I get dressed in black leggings and a black T-shirt. I tie my hair into a messy bun. I wonder where he learned to cook. The kitchen smells amazing as I walk in. There is still a lot that I don’t know about him or his friendship with my father. I sit down on the bar stool at the kitchen counter.

He is frying up some type of sandwich in the pan. He slides it onto my plate, it looks delicious. All of a sudden, the hunger for skipping lunch and dinner hits me. “Where did you learn to cook?” I ask.

“Your father taught me,” he says with a soft smile. He places his sandwich on his plate. I took a bite of the sandwich and it’s so amazing. I can’t help but moan and close my eyes. I open my eyes to see that Mark has taken a seat already and is watching me with a smile.

“It’s good,” I say.

“I’m glad you enjoy it,” he says as he starts to eat.

“You didn’t have to come here,” I say, I force myself to feel confident and not let myself get my hopes up that he might feel something towards me, because if I do, I am certain it will break me when he proves he doesn’t.

“I was concerned. You were crying, and I still want to be the person you can talk to when something is bothering you or if anything happens. With your father away on business, he asked me to take care of you and keep an eye on you,” he says.

“You didn’t need to show up though, I made you lose an important client today, and I feel so guilty about it,” I say and tears start to blur my vision, I set my half-eaten sandwich down on my plate and I stand up to leave, not wanting him to see me like this again.

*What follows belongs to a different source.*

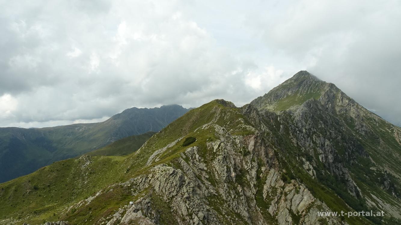 Nach den Almhütten geht es am Wanderweg weiter bergauf in den Wald. Wir treffen ein paar Kühe, verlassen den Wald und sehen die nächsten Rindviecher auf einer Alm. Über eine Straße geht es zu einer Tränke und auf einem Waldpfad weiter hinauf. Nach weiterem Anstieg erreichen wir die erste Kreuzung mit Entscheidungsmöglichkeit: Geradeaus geht es flacher über Almen zu unserem heutigen Ziel - der Salzkofelhütte. Rechts hinauf gibt es die Möglichkeit noch ein paar Gipfel zu sammeln, bevor es hinab zur Hütte geht. Bei der Kreuzung treffen wir auf zwei Damen aus Deutschland, die in den nächsten Tagen die gleichen Strecken wie wir begehen - Auch sie sind am Kreuzeckhöhenweg unterwegs.

“Gray, I’m sorry that I said all of those hurtful things to you,” he says as he gets up from his bar stool and walks to me. “I followed you to the parking lot after work, after I found your purse on your desk. I also grabbed my things immediately to go home.” He was in front of me now. “I watched you walk to your car in a hurry, with your head down. You were crying when you got into your car and sat there crying for a while before you left. I didn’t think you were okay, so I came here instead of going home myself,” he says.

A tear escapes and runs down my cheek. He wipes the tear away with his thumb, and I close my eyes. All of a sudden, I feel his breath on my lips. He is inches away from my face when I open my eyes, sucking in a small breath.

“I’m sorry for saying all those mean things to you,” he says. I shake my head, I no longer care about the words he said, I just want him to kiss me. It will not be me this time. His eyes move to my lips, and his thumb brushes over my bottom lip. He opens his mouth as if he wants to say something,g but his phone rings and interrupts that thought. He takes his phone out of his pocket and checks the caller “Shit!”, he growls. He looks up at me again. “I have to go,” he says. I nod.

“Thank you for bringing my purse and cooking dinner,” I say.

“I will always be here for you,” he says, looking at me with some type of longing in his eyes. “See you tomorrow,” he says and left.

I know that he feels something towards me. He wanted to kiss me, I could feel his desire too. Still, I have to keep my heart guarded and keep my hopes at bay.